On Oct 31, 2012, at 7:04 PM, Lars Kellogg-Stedman <l...@seas.harvard.edu> wrote:

> Injection via files on a configuration disk seems to me the best way
> to handle security credentials like this, because disks in many cases
> require privileges to mount on a system and the configuration script
> can delete the credentials file after processing it.

Honestly I think the entire idea of passing a password in to the instance at 
boot
time is insecure and flawed.
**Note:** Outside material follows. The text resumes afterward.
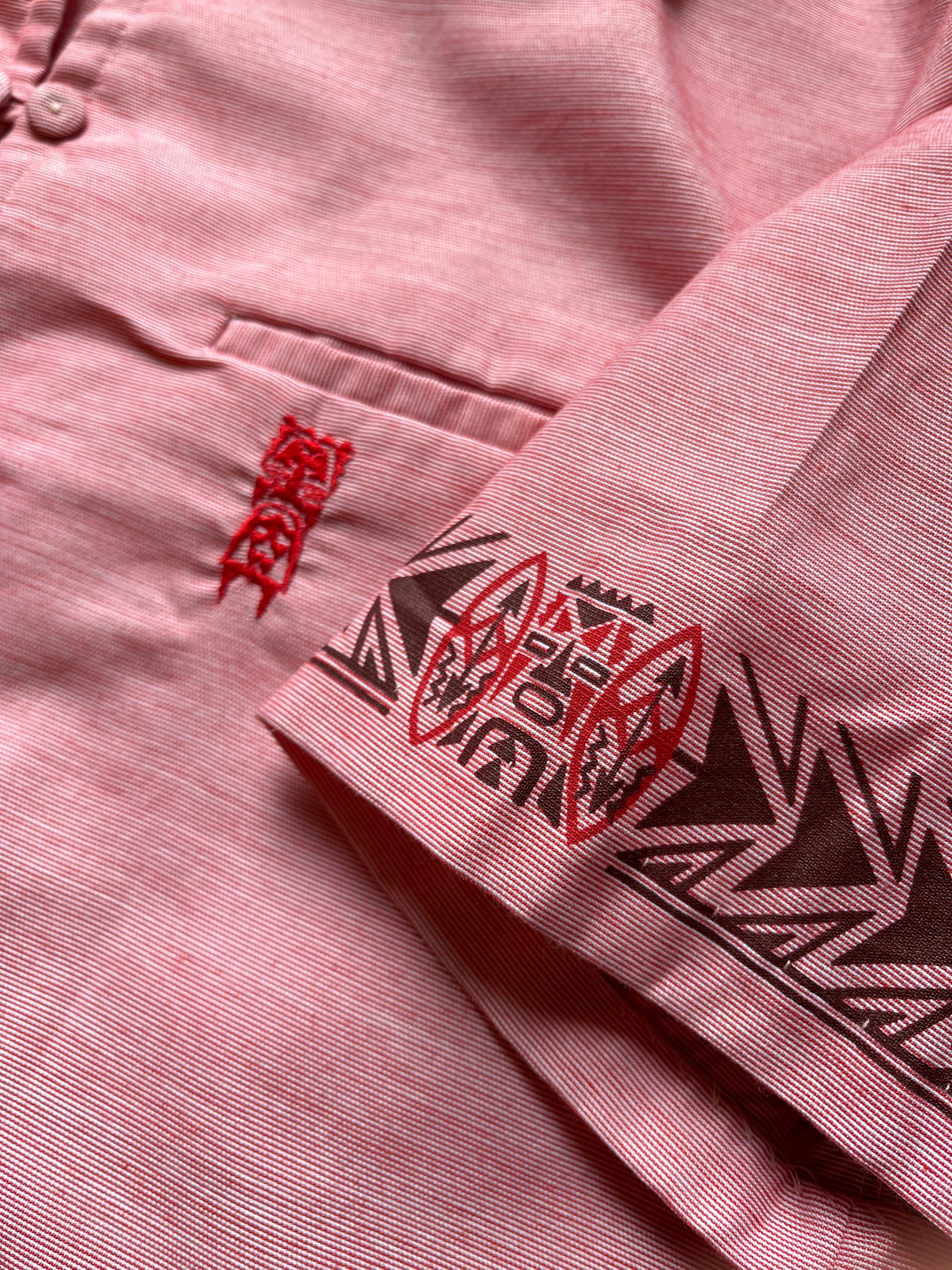 左胸に刺繍のワンポイント、袖口にトライバル柄のプリントデザインの入った珍しいデザインです。

The best idea I've heard for a secure windows 
password
is the following:

a) put a public key on the instance via metadata or config drive (for ease of 
use this could actually just be the ssh public key you normally use for logging 
into the vm).
b) have a daemon in the windows instance that:
 * generates a random password
 * sets the administrator password to the random password
 * encrypts it with the public key
 * serves the encrypted password over https on a known port (say 9999)
c) open up port (9999) in the instance's security group
d) retrieve the encrypted password and decrypt it
e) close port (9999) in the instances security group

for extra security you could use make daemon run for a certain amount of time 
on initial boot or have a a specific url on the port that stops the daemon.

If we could collaborate on a daemon that does this on the guest side then we 
could
actually create a nova command that would do all of the above and display the 
password
to the user. In fact this would work for non-windows vms as well.